§ Records for this exercise
*****
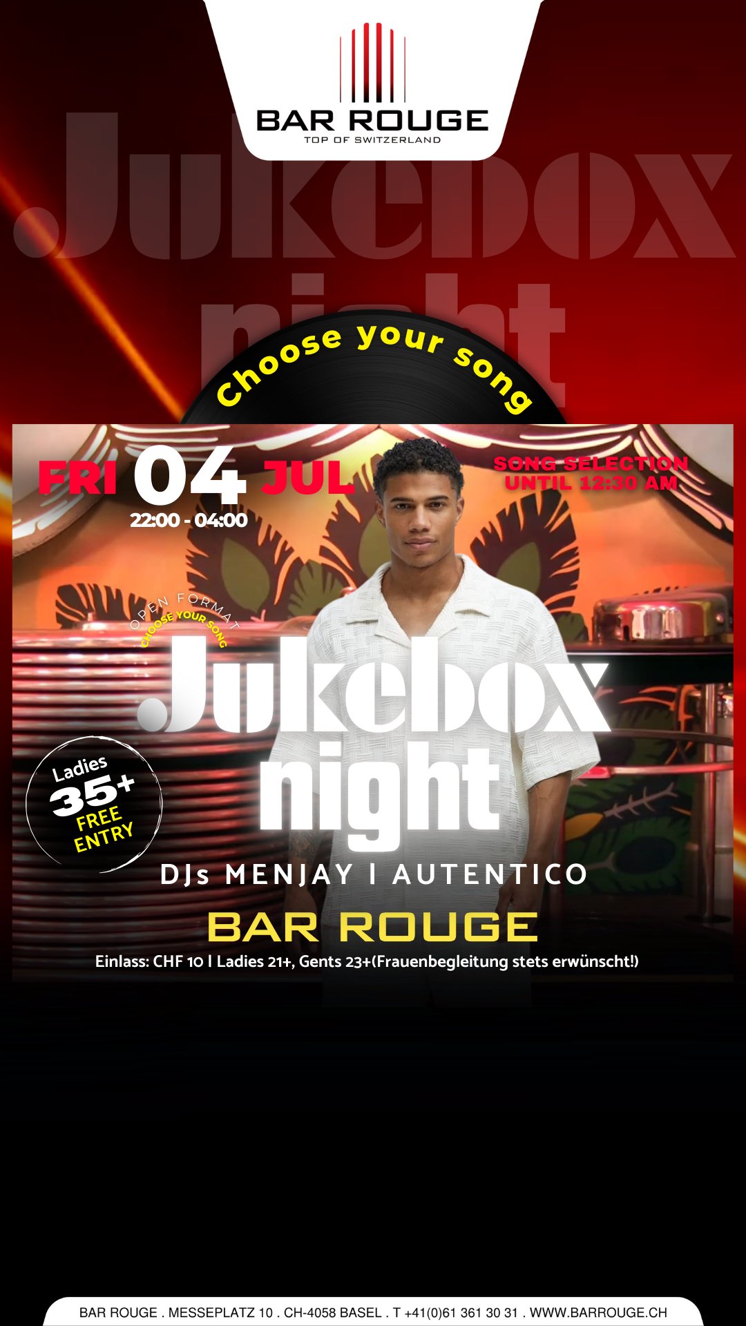 Bereit für die ultimative Party, bei der DU den Ton angibst? Einen Freitag im Monat verwandeln wir die Bar Rouge in die heisseste Jukebox der Stadt!
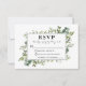 Die Watercolor Greenery Wedding RSVP Card beinhaltet wunderschöne botanische Pflanzen- und Eukalyptus-Blätter. Legen Sie die Farbe grün zurück.
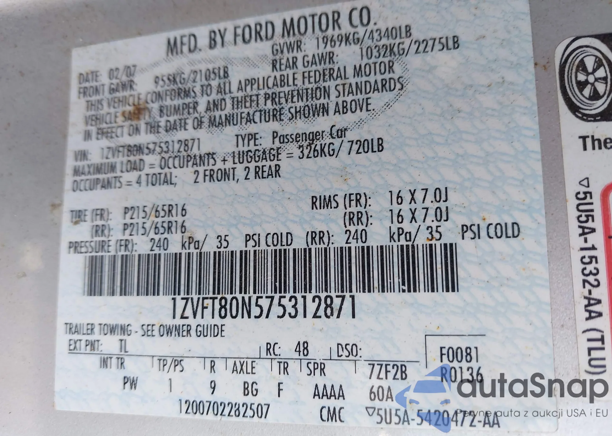 VIN: 1ZVFT80N575312871
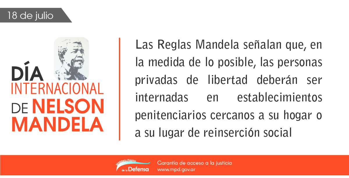 A 100 años del nacimiento de Nelson Mandela, la Defensoría General de la Nación reitera su compromiso con la aplicación y promoción de las Reglas que llevan su nombre, y hace un llamado amplio a la reflexión sobre los propósitos de la cárcel y las condiciones en que deben cumplir su pena las personas detenidas.
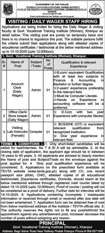 Applications on the prescribed form available at the TEVTA website (www.tevta.gop.pk) along with one recent passport-size photo, CNIC, attested copies of all educational testimonials, experience certificates, and domicile must reach the office by 13-10-2025 (upto 12:00 Noon).
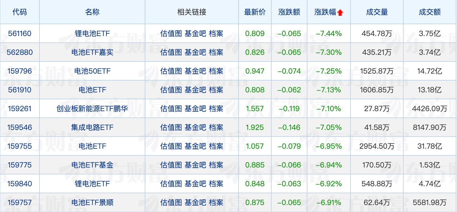 下跌方面,鋰電池相關(guān)ETF全線回調(diào),最高下跌7.44%。
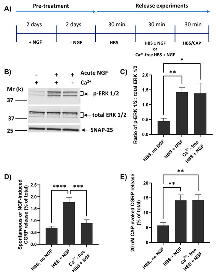 Whilst CAP-evoked CGRP release from cultured TGNs is strictly dependent on the presence of extracellular Ca2+ [37], it seems that this is not the case for the enhancement by brief exposure to NGF of CAP-evoked TRPV1 currents and [Ca2+]i accumulation [17,42]. Thus, the pertinent question of whether NGF-induced CGRP release requires Ca2+ was addressed using the protocol in Figure 4A. As described previously, TGNs were NGF starved before measuring spontaneous release (during the first of three 30 min. incubation periods) and then split into three cohorts. Two of these were exposed during a second 30 min. period to NGF, one of them in the presence of Ca2+ whilst the other was incubated without added Ca2+ and with 2 mM EGTA included to chelate any traces. The third batch was incubated without NGF but with Ca2+. After completing the latter stage, all three were then stimulated (a third 30 min. incubation) with 20 nM CAP in the presence of Ca2+ (which, as noted above, is essential for triggering CAP-evoked CGRP release). The absence of Ca2+ during acute exposure to NGF did not prevent its induction of ERK1/2 phosphorylation (Figure 4B). Indeed, a ~three-fold increase in the ratio of p-ERK1/2: total ERK 1/2 was observed relative to the proportion in continuously-starved cells (p = 0.02; Figure 4C), confirming effective activation of the NGF-TrkA signalling pathway. In fact, the latter ratio obtained in the absence of Ca2+ was indistinguishable from the proliferation of p-ERK 1/2 induced by NGF in the presence of Ca2+ (Figure 4C). By contrast, the absence of Ca2+ abolished the NGF-induced small increase in CGRP release relative to the spontaneous level (Figure 4D). Despite this, an approximately two and a half-fold enhancement by NGF of 20 nM CAP-evoked Ca2+-dependent CGRP release remained unaffected by the presence or absence of Ca2+ during the 30 min. that the cells were exposed to the neurotrophin (Figure 4E).
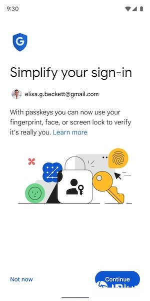 Google鼓励你开始使用密码密钥(Passkey)作为主要登录选项,它是一种快速、安全、免密码的登录方法,以取代传统的密码输入。
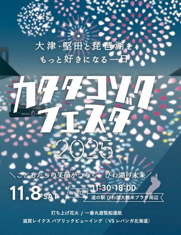 📣 #堅田湖族フェスタ2025 のチラシ完成✨ 11/8(土)11:30〜18:00 @道の駅びわ湖大橋米プラザ周辺 びわ湖の夜空に打ち上げ花火🎆 #滋賀レイクス PV(vsレバンガ北海道)🔥 🚤一番丸の湖上遊覧&マルシェも開催! 家族や友人と湖畔で楽しもう😊 #堅田 #びわ湖 #花火 #湖族フェスタ #一番丸湖上遊覧 pic.x.com/bPUbCwlmYB
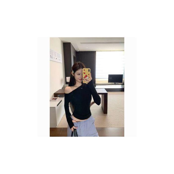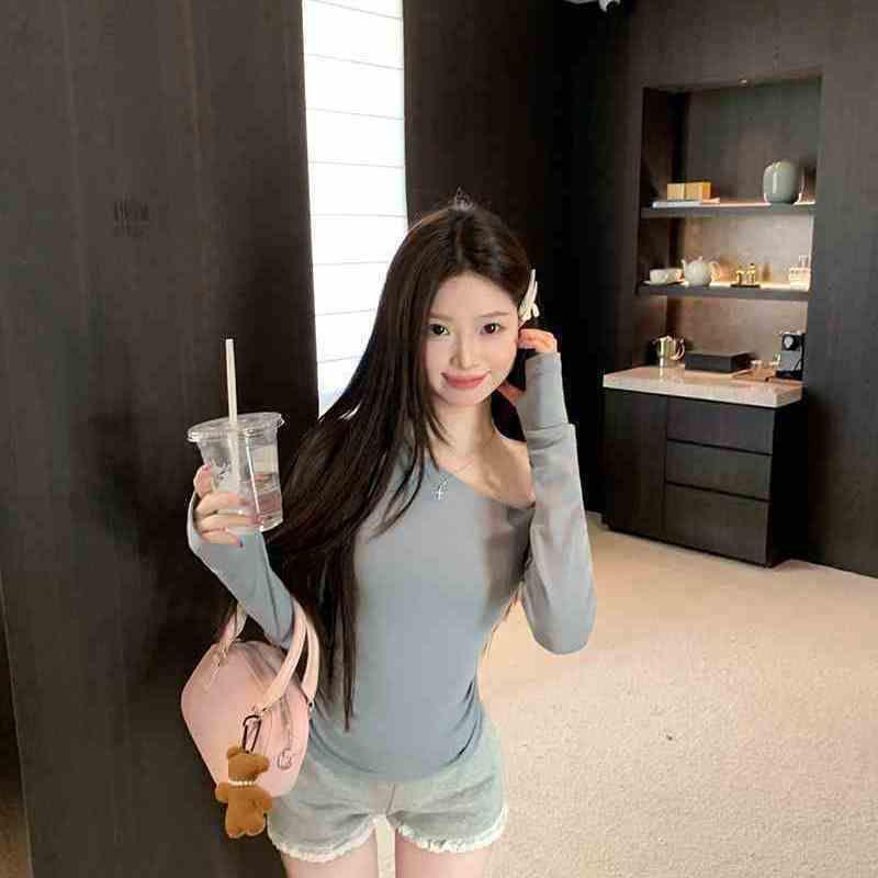 Женский уникальный топ на одно плечо с косым вырезом - Приталенная рубашка с длинным рукавом для весны/осени 2025
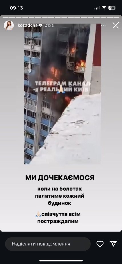 Певица выразила соболезнования пострадавшим и их семьям и поделилась печальным известием. "От удара по гостинице погиб двухмесячный мальчик", — написала звезда на своей странице в Instagram.
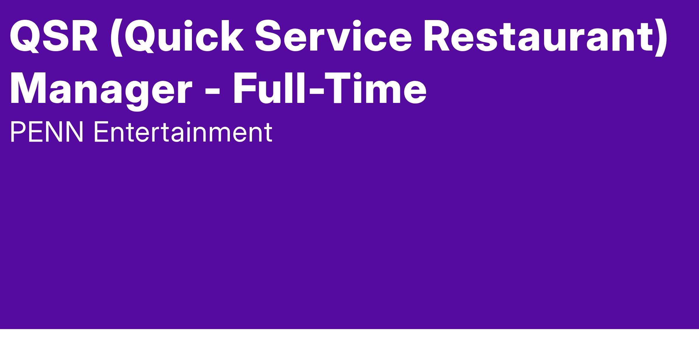 QSR (Quick Service Restaurant) Manager - Full-Time
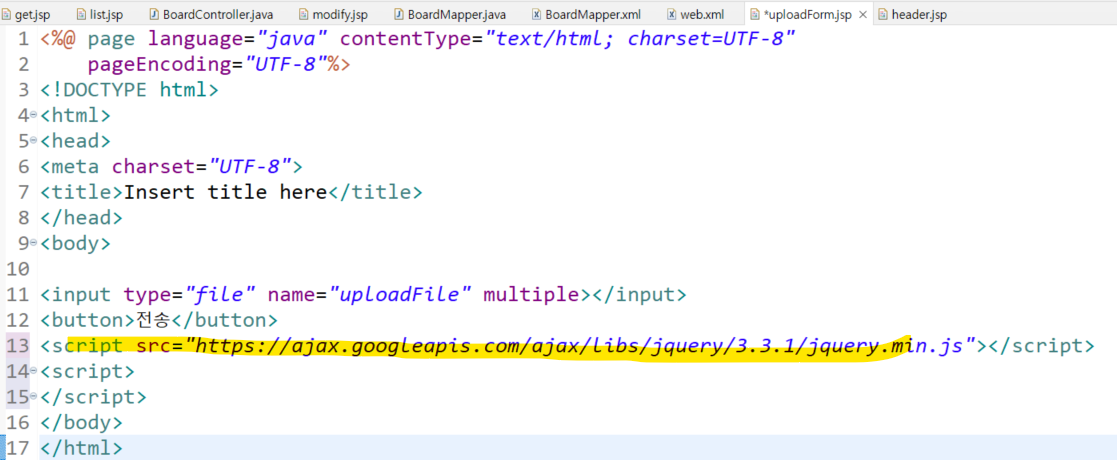 Ajax사용하는 경우 form태그 삭제 후 , jquery 스크립트 추가해주어야 한다.
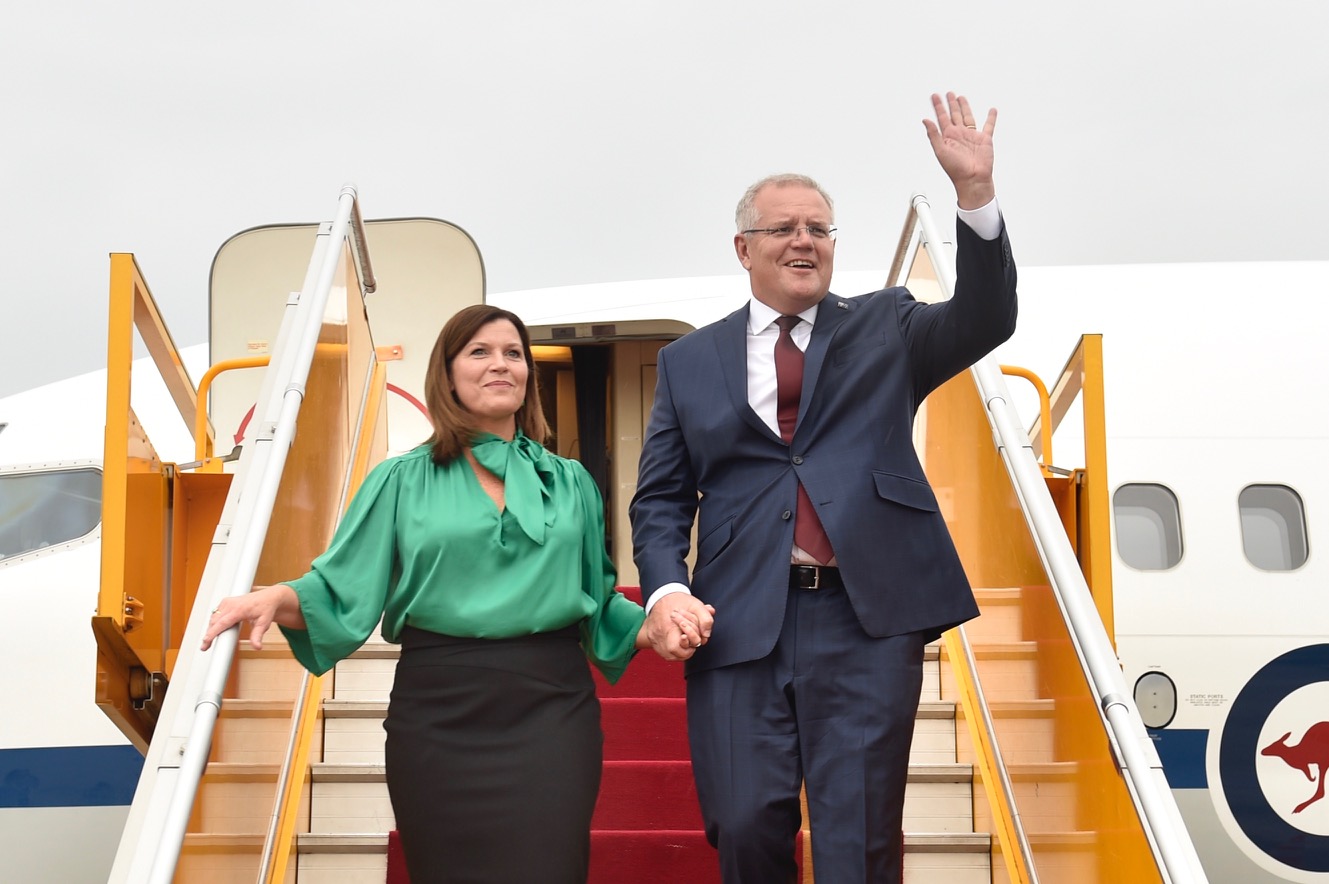 Australian Prime Minister Scott Morrison and his Spouse Jenny Morrison arrive at Noi Bai International Airport on Thursday afternoon. Photo: VGP
*****
§ How to complete this task
Send back every record exactly as it stands, except the pictures.

§ Task answer
 Bereit für die ultimative Party, bei der DU den Ton angibst? Einen Freitag im Monat verwandeln wir die Bar Rouge in die heisseste Jukebox der Stadt!
 Die Watercolor Greenery Wedding RSVP Card beinhaltet wunderschöne botanische Pflanzen- und Eukalyptus-Blätter. Legen Sie die Farbe grün zurück.
 VIN: 1ZVFT80N575312871
 A 100 años del nacimiento de Nelson Mandela, la Defensoría General de la Nación reitera su compromiso con la aplicación y promoción de las Reglas que llevan su nombre, y hace un llamado amplio a la reflexión sobre los propósitos de la cárcel y las condiciones en que deben cumplir su pena las personas detenidas.
 Applications on the prescribed form available at the TEVTA website (www.tevta.gop.pk) along with one recent passport-size photo, CNIC, attested copies of all educational testimonials, experience certificates, and domicile must reach the office by 13-10-2025 (upto 12:00 Noon).
 下跌方面,鋰電池相關(guān)ETF全線回調(diào),最高下跌7.44%。
 Whilst CAP-evoked CGRP release from cultured TGNs is strictly dependent on the presence of extracellular Ca2+ [37], it seems that this is not the case for the enhancement by brief exposure to NGF of CAP-evoked TRPV1 currents and [Ca2+]i accumulation [17,42]. Thus, the pertinent question of whether NGF-induced CGRP release requires Ca2+ was addressed using the protocol in Figure 4A. As described previously, TGNs were NGF starved before measuring spontaneous release (during the first of three 30 min. incubation periods) and then split into three cohorts. Two of these were exposed during a second 30 min. period to NGF, one of them in the presence of Ca2+ whilst the other was incubated without added Ca2+ and with 2 mM EGTA included to chelate any traces. The third batch was incubated without NGF but with Ca2+. After completing the latter stage, all three were then stimulated (a third 30 min. incubation) with 20 nM CAP in the presence of Ca2+ (which, as noted above, is essential for triggering CAP-evoked CGRP release). The absence of Ca2+ during acute exposure to NGF did not prevent its induction of ERK1/2 phosphorylation (Figure 4B). Indeed, a ~three-fold increase in the ratio of p-ERK1/2: total ERK 1/2 was observed relative to the proportion in continuously-starved cells (p = 0.02; Figure 4C), confirming effective activation of the NGF-TrkA signalling pathway. In fact, the latter ratio obtained in the absence of Ca2+ was indistinguishable from the proliferation of p-ERK 1/2 induced by NGF in the presence of Ca2+ (Figure 4C). By contrast, the absence of Ca2+ abolished the NGF-induced small increase in CGRP release relative to the spontaneous level (Figure 4D). Despite this, an approximately two and a half-fold enhancement by NGF of 20 nM CAP-evoked Ca2+-dependent CGRP release remained unaffected by the presence or absence of Ca2+ during the 30 min. that the cells were exposed to the neurotrophin (Figure 4E).
 Google鼓励你开始使用密码密钥(Passkey)作为主要登录选项,它是一种快速、安全、免密码的登录方法,以取代传统的密码输入。
 📣 #堅田湖族フェスタ2025 のチラシ完成✨ 11/8(土)11:30〜18:00 @道の駅びわ湖大橋米プラザ周辺 びわ湖の夜空に打ち上げ花火🎆 #滋賀レイクス PV(vsレバンガ北海道)🔥 🚤一番丸の湖上遊覧&マルシェも開催! 家族や友人と湖畔で楽しもう😊 #堅田 #びわ湖 #花火 #湖族フェスタ #一番丸湖上遊覧 pic.x.com/bPUbCwlmYB
 Женский уникальный топ на одно плечо с косым вырезом - Приталенная рубашка с длинным рукавом для весны/осени 2025
 Певица выразила соболезнования пострадавшим и их семьям и поделилась печальным известием. "От удара по гостинице погиб двухмесячный мальчик", — написала звезда на своей странице в Instagram.
 QSR (Quick Service Restaurant) Manager - Full-Time
 Ajax사용하는 경우 form태그 삭제 후 , jquery 스크립트 추가해주어야 한다.
 Australian Prime Minister Scott Morrison and his Spouse Jenny Morrison arrive at Noi Bai International Airport on Thursday afternoon. Photo: VGP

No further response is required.